"Let books be your dining table, / And you shall be full of delights. / Let them be your
And you shall sleep restful nights" (St. Ephraim the Syrian).

Friday, June 29, 2012

Jenn Spock on Russian History

The wonderful Jennifer Spock, who has done so much to give life to the Association for the Study of Eastern Christian History and Culture (ASEC), whose last two conferences at Ohio State I have very happily attended, is a specialist in Russian monasticism and history. She co-authors a chapter "Historical Writing in Russia and Ukraine" in a new book: Jose Rabasa et al., The Oxford History of Historical Writing: Volume 3: 1400-1800 (Oxford UP, 2012), 704pp.
About this book the publisher tells us:
Volume III of The Oxford History of Historical Writing contains essays by leading scholars on the writing of history globally during the early modern era, from 1400 to 1800. The volume proceeds in geographic order from east to west, beginning in Asia and ending in the Americas. It aims at once to provide a selective but authoritative survey of the field and, where opportunity allows, to provoke cross-cultural comparisons. This is the third of five volumes in a series that explores representations of the past from the beginning of writing to the present day, and from all over the world.
Spock, meanwhile, was one of the editors for a Festschrift recently published:  Religion and Identity in Russia and the Soviet Union: A Festschrift for Paul Bushkovitch (Slavica Publications, 2011), 276pp.

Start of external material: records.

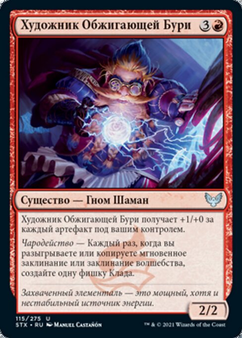|  Variations— Parts— | Artista della Fornace Tempesta2 / 2 L'Artista della Fornace Tempesta prende +1/+0 per ogni artefatto che controlli. Artemagica — Ogniqualvolta lanci o copi una magia istantaneo o stregoneria, crea una pedina Tesoro.
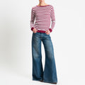 Tensione in-Maglia righe scollo barca - bordeaux/latte
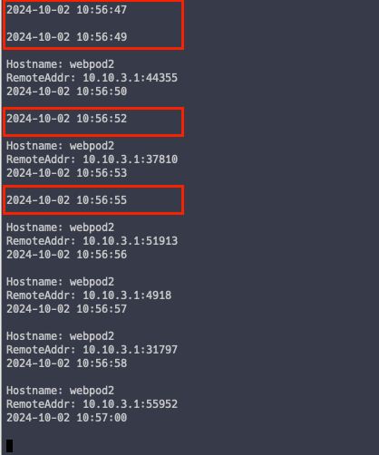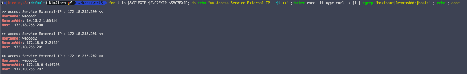 for i in $SVC1EXIP $SVC2EXIP $SVC3EXIP; do echo ">> Access Service External-IP : $i <<" ;docker exec -it mypc curl -s $i | egrep 'Hostname|RemoteAddr|Host:' ; echo ; done
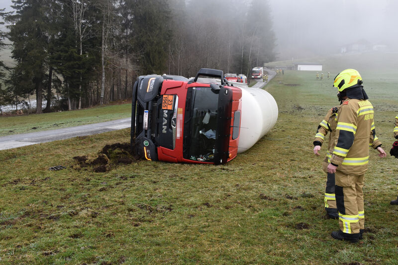 Am Mittwochmorgen wurde der LZ Voglau zu einer LKW Bergung im Ortsteil Pichl alarmiert. An der Einsatzstelle wurde vom Einsatzleiter Voglau ein umgestürzter Tankwagen, beladen mit dem Flüssiggas Butan vorgefunden. In weiterer Folge wurde die FF Abtenau zur Unterstützung alarmiert. Der Lenker wurde beim Unfall nicht verletzt. Die Einsatzstelle wurde nach dem Eintreffen der Feuerwehren, Roten Kreuz und Polizei großräumig abgesperrt. Anschließend wurde ein 2-facher Brandschutz aufgebaut. Für die sichere Entleerung des vollen Tankwagens wurde ein zweiter Tankwagen an die Einsatzstelle beordert. Zusätzlich mussten Spezialkräfte der Werkfeuerwehr Chemiepark Gendorf aus Bayern sowie der Gefahrgutzug des Bezirkes Tennengau angefordert werden.

About this book the publisher tells us:
Paul Bushkovitch's scholarship on the political, religious, and cultural history of Russia has enriched the field for over 35 years. This volume celebrates Bushkovitch's contributions by bringing together a series of essays by his students. Focusing on the themes of religion and identity, they investigate an array of topics that reflects Bushkovitch's own scholarly range, among them Russian Orthodoxy's energetic adaptation to Russia s changing domestic and international conditions; Russian self-perceptions and interaction with foreigners; and foreigners' views of Russians. Collectively, these contributions cover a wide chronological span that bridges the gap between early modernists and modernists in the fields of Russian and Soviet history.